The Rangers rode the left arm of starter Cliff Lee (demonstrating why he WON’T be in a Texas uniform next season because the price tag will exceed the sensible Rangers’ budget) over an overrated Tampa Bay in the first round. Now onto the Darth Vadar (doncha love these Star Wars references?) of Baseball – the defending World Series champion New York Yankees.
And, folks, within that title lies the determining factor in this seven-game series – the Yankees ARE the champs and will be until … someone ends that reign. The biggest thing the Yankees have that Texas does not is those damn rings. The base core of the New Yorkers has more than one (five to be exact) – Derek Jeter, Mariano Rivera, Jorge Posada (as well as A.J. Burnett when he was with Florida and Nick Swisher as part of the White Sox) know exactly what it takes to win the World Series multiple times while only Vlady Guerrero has tasted that champagne for the Rangers.
People, that is big at this time of the season. Each squad has already proven how it can win ballgames, what are its strengths and weaknesses. There will be no secrets and no October surprises for the next week.

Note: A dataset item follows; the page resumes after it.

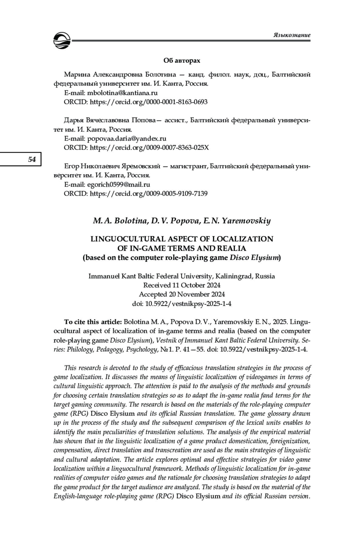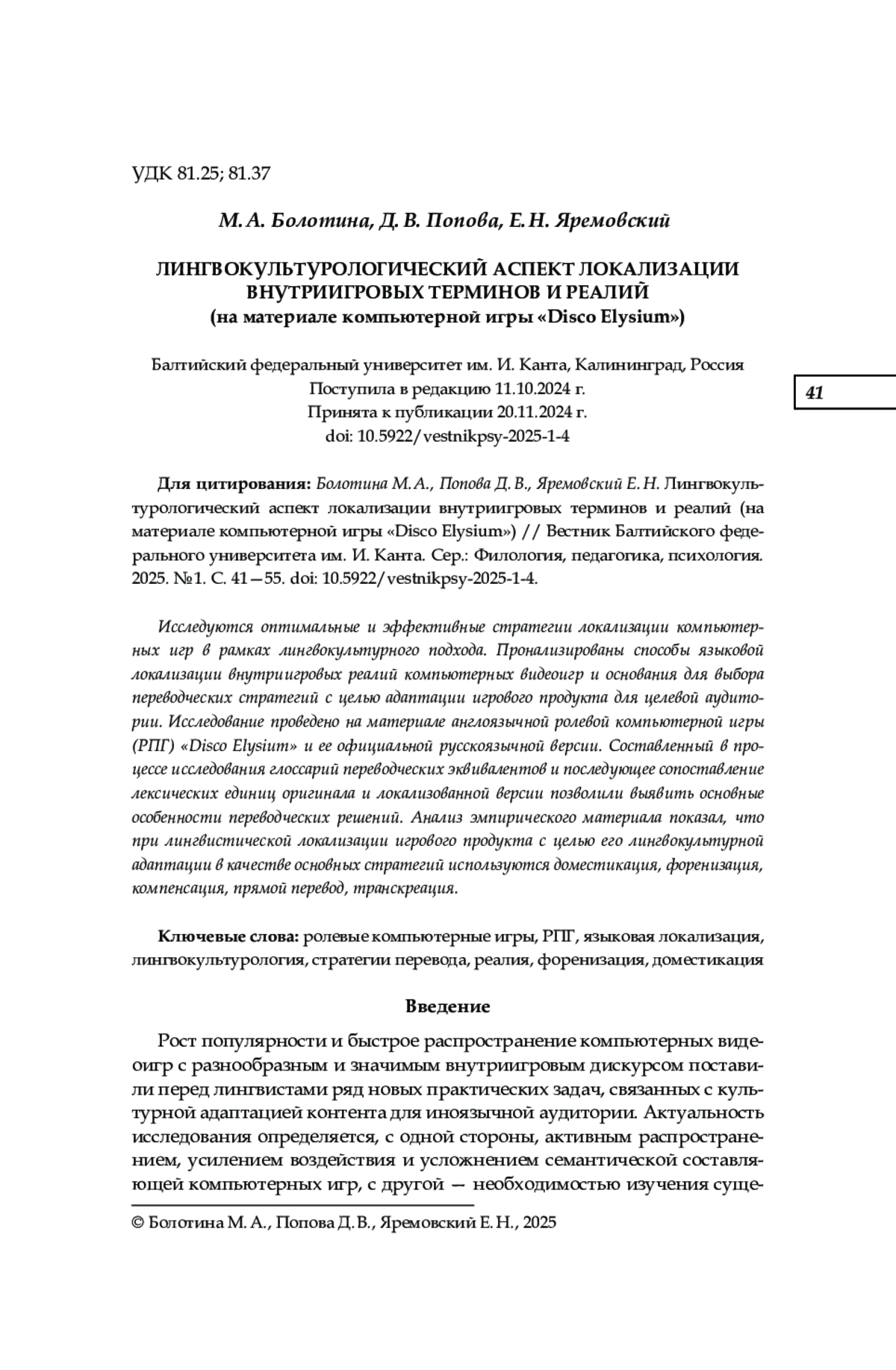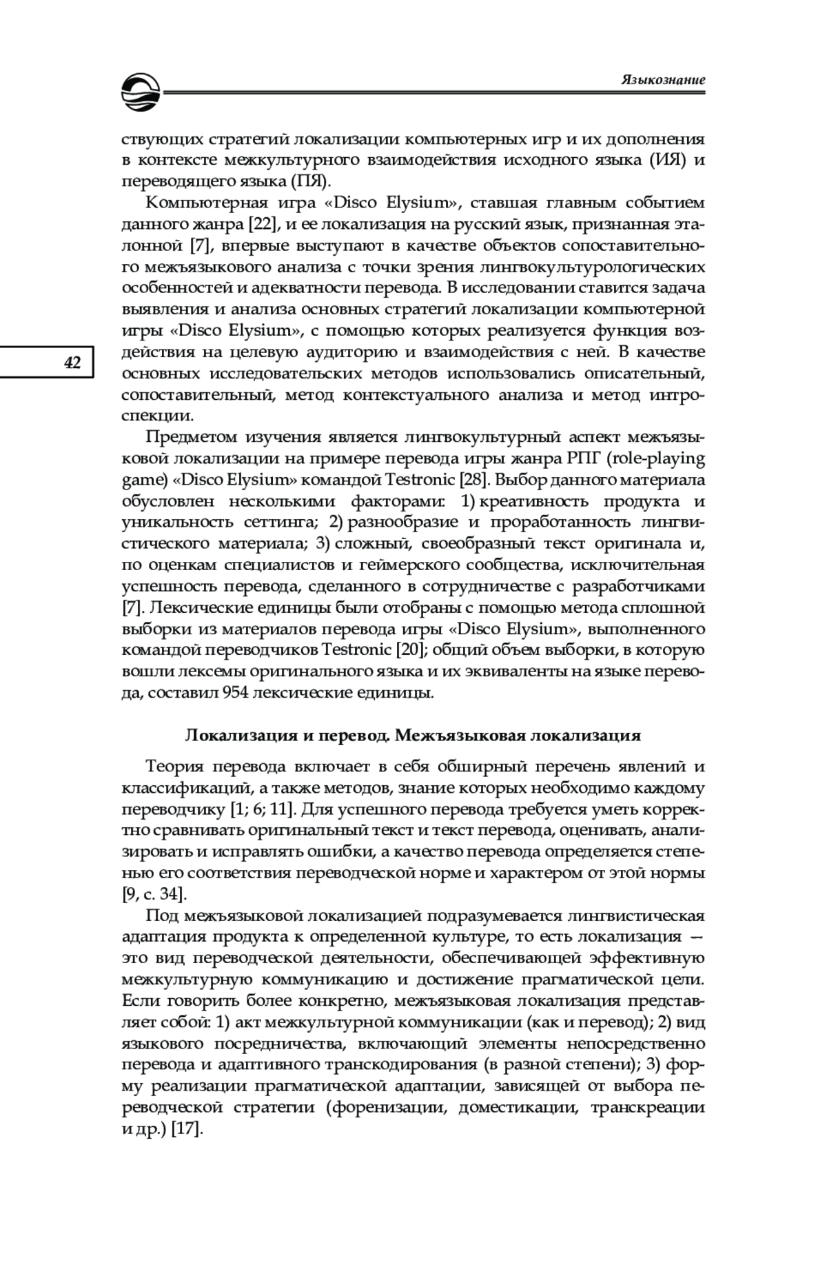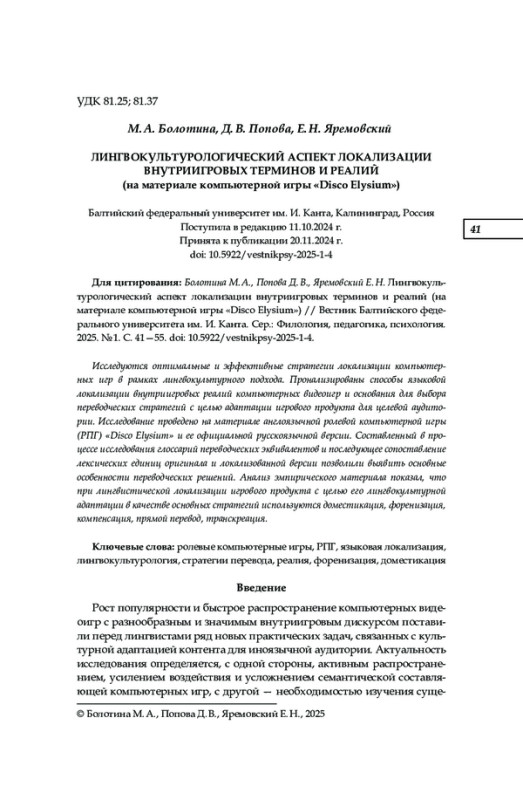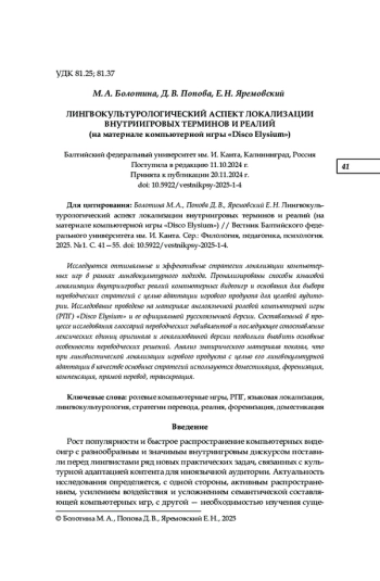 Исследуются оптимальные и эффективные стратегии локализации компьютер ных игр в рамках лингвокультурного подхода. Пронализированы способы языковой локализации внутриигровых реалий компьютерных видеоигр и основания для выбора переводческих стратегий с целью адаптации игрового продукта для целевой аудито рии. Исследование проведено на материале англоязычной ролевой компьютерной игры (РПГ) «Disco Elysium» и ее официальной русскоязычной версии. Составленный в про цессе исследования глоссарий переводческих эквивалентов и последующее сопоставление лексических единиц оригинала и локализованной версии позволили выявить основные особенности переводческих решений. Анализ эмпирического материала показал, что при лингвистической локализации игрового продукта с целью его лингвокультурной адаптации в качестве основных стратегий используются доместикация, форенизация, компенсация, прямой перевод, транскреация

Texas’ biggest problem is the inability to run Lee out to the mound more than twice in this series (IF it goes to a seventh game). New York has a rested starting quartet, a rested bullpen and ready-to-go lineup. The Yankees can match Texas in the power department, speed on the basepaths (with Brett Gardner and Curtis Granderson) and defensively. On the bench, Joe Girardi is a better manager than Ron Washington.
And there is NO post-season closer to compare to Rivera. Ranger rookie Neftali Feliz can throw close to 100 mph but has looked shaky in his first two playoff outings.
Most of all, the Yankees KNOW what to do, how to react and how to prepare for all of this. For the Rangers, this is totally unchartered waters; it is where experience is needed most of all.
Hopefully, the Arlington fans on Friday and Saturday will sit and cheer for the home team instead of discussing the 1-3 miserable start of the Cowboys – the usual topic of conversation at any Rangers game attended by people waiting for football season to start. For once, the Rangers has the attention of the Metroplex in October; it’s their job now to hold it.
I’m picking New York in six games and then choosing the Phillies to win it all, again, in six games.